*Task goal*. Please, without any pictures, set down exactly the part of the listing below that opens with the line containing "Het probleem is" and closes with the line containing "Manual Hand Crank".

*Recorded information*.

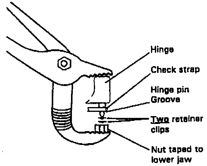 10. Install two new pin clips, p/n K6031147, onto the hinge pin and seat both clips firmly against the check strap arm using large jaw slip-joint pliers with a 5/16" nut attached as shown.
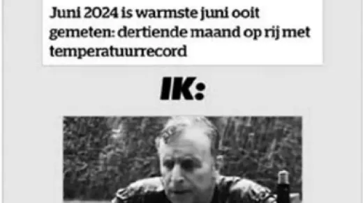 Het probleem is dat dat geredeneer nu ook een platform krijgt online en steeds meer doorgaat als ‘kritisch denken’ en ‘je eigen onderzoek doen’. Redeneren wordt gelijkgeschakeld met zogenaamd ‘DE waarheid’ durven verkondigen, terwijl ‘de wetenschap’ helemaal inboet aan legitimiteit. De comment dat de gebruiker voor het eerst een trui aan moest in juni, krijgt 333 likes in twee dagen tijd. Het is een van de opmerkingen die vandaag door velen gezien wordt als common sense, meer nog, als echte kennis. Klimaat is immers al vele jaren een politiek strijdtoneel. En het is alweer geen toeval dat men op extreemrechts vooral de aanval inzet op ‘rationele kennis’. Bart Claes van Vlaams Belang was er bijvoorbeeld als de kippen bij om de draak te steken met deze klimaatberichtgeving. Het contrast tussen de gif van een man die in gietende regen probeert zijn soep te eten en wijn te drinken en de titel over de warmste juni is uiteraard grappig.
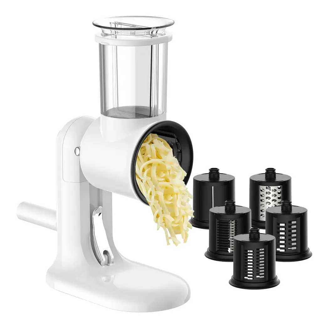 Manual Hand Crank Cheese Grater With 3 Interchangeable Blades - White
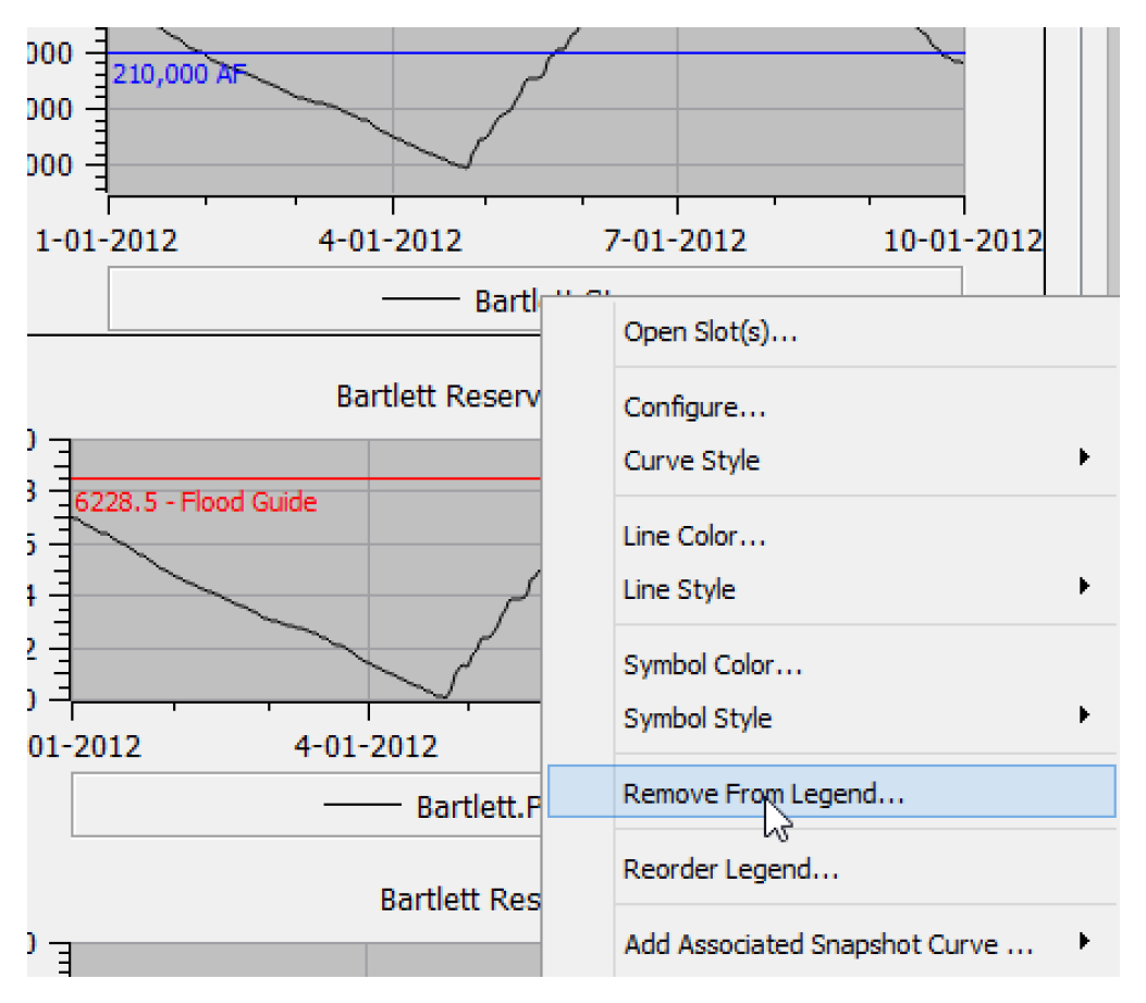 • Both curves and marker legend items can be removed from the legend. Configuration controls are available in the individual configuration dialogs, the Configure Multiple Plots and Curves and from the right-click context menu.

*Task solution*.
 Het probleem is dat dat geredeneer nu ook een platform krijgt online en steeds meer doorgaat als ‘kritisch denken’ en ‘je eigen onderzoek doen’. Redeneren wordt gelijkgeschakeld met zogenaamd ‘DE waarheid’ durven verkondigen, terwijl ‘de wetenschap’ helemaal inboet aan legitimiteit. De comment dat de gebruiker voor het eerst een trui aan moest in juni, krijgt 333 likes in twee dagen tijd. Het is een van de opmerkingen die vandaag door velen gezien wordt als common sense, meer nog, als echte kennis. Klimaat is immers al vele jaren een politiek strijdtoneel. En het is alweer geen toeval dat men op extreemrechts vooral de aanval inzet op ‘rationele kennis’. Bart Claes van Vlaams Belang was er bijvoorbeeld als de kippen bij om de draak te steken met deze klimaatberichtgeving. Het contrast tussen de gif van een man die in gietende regen probeert zijn soep te eten en wijn te drinken en de titel over de warmste juni is uiteraard grappig.
 Manual Hand Crank Cheese Grater With 3 Interchangeable Blades - White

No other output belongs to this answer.